Akhirnya Cinderellah keracunan cogan mau bangkit pemirsah! Kepalang tanggung, ketahuan juga jika semua hanya sandiwara. Lagian dia aneh, tidak ada yang meminta untuk menemani malah nongkrong di sini.
“Malu yah? Atau ... Beruntung?”
“Beruntung apa?”
“Bisa duduk dipangkuanku.” Ujarnya bangga.
“Idihh ... Biasa aja kali! Meski kau sangat tampan, melihat senyummu membuatku serasa ingin mena ...” tiba-tiba kewarasanku kembali, kenapa aku malah kedengarannya kagum?
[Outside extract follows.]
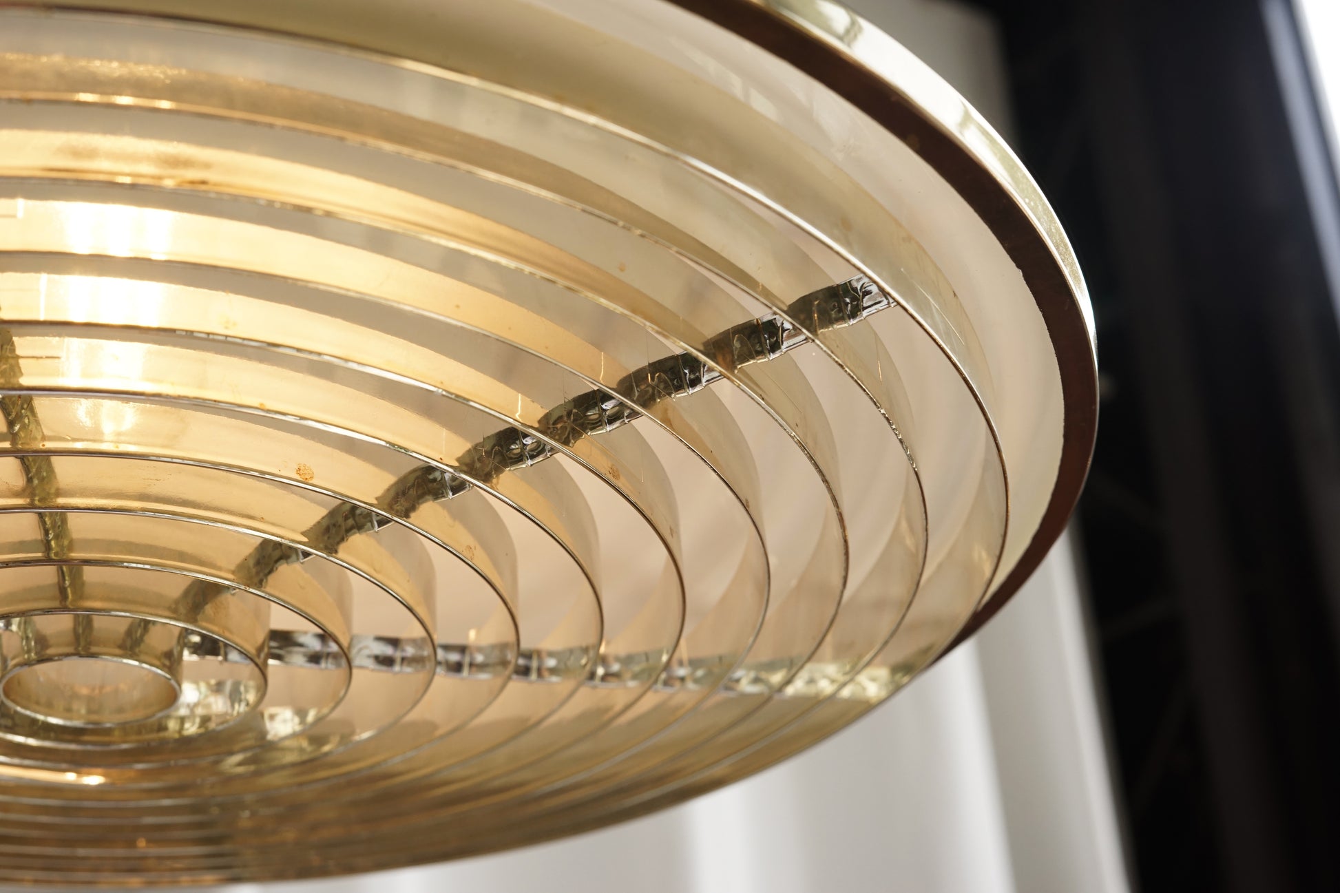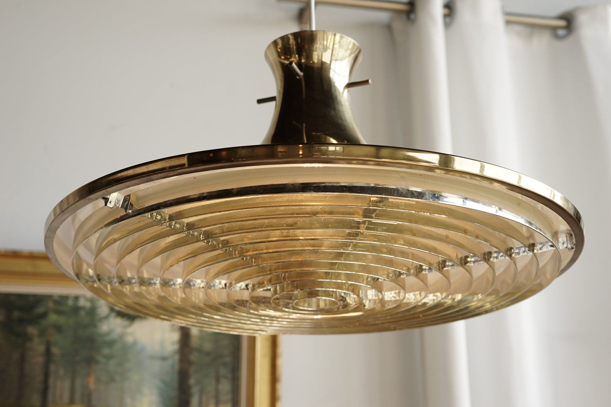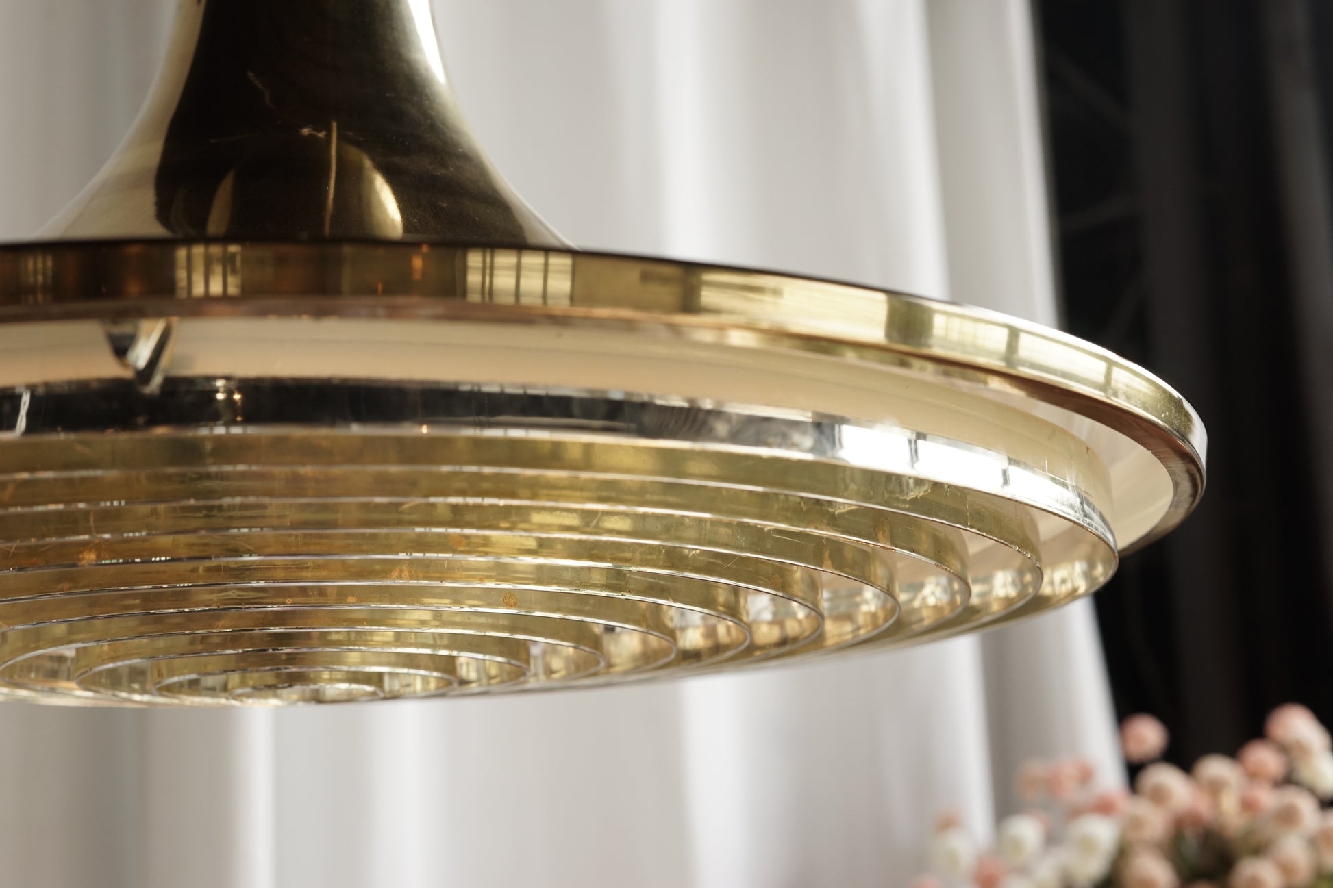 這款 1970 年代出品的北歐吊燈,整體造型以中世紀現代主義為基礎,展現出 1970 年代斯堪地那維亞設計的流線感與金屬質感。

“Menahan rasa kalau kau juga sebenarnya salah satu dari Fangirl yang jatuh hati padaku?”
Huweekkk!
“Menangis! Sudahlah, Pergi sana!”
“Yakin?” ekspresi gilanya itu membuatku ingin stres. Tak tahukah ia Bahwa hal itu bikin susah move on? Wajah tampannya bagai karya seni di atas kanvas warna-warni musim semi. Mencerahkan kebutaan dan menjadi penerang jalan di sekitar rumahku kalau bisa. Canda Deng!
“Yakin! Sana!”
“Baiklah, semoga kau lekas membaik. Dah!”
Erlangga berlalu, menghilang di balik pintu dengan senyumnya yang khas. Mempesona. Syukurlah dia sudah enyah, entah berapa lama saya tahan jantung ini jika ia terus gentayangan di sekitar UKS.
“Astaga!”
Mata melotot siswa di tempat tidur sebelah kananku terbuka tirai pembatasnya, sangat menakutkan. Teringat, kalau dia itu siswa yang kena ayan tadi. Apakah ia sudah sembuh atau bagaimana? Pandangannya saja mengerikan seperti hendak menelanku hidup-hidup. Padahal bukan aku yang mengundang gludug datang kan?
“Apa kau si gadis pemanggil Guntur itu?” ucapnya dingin dan misterius.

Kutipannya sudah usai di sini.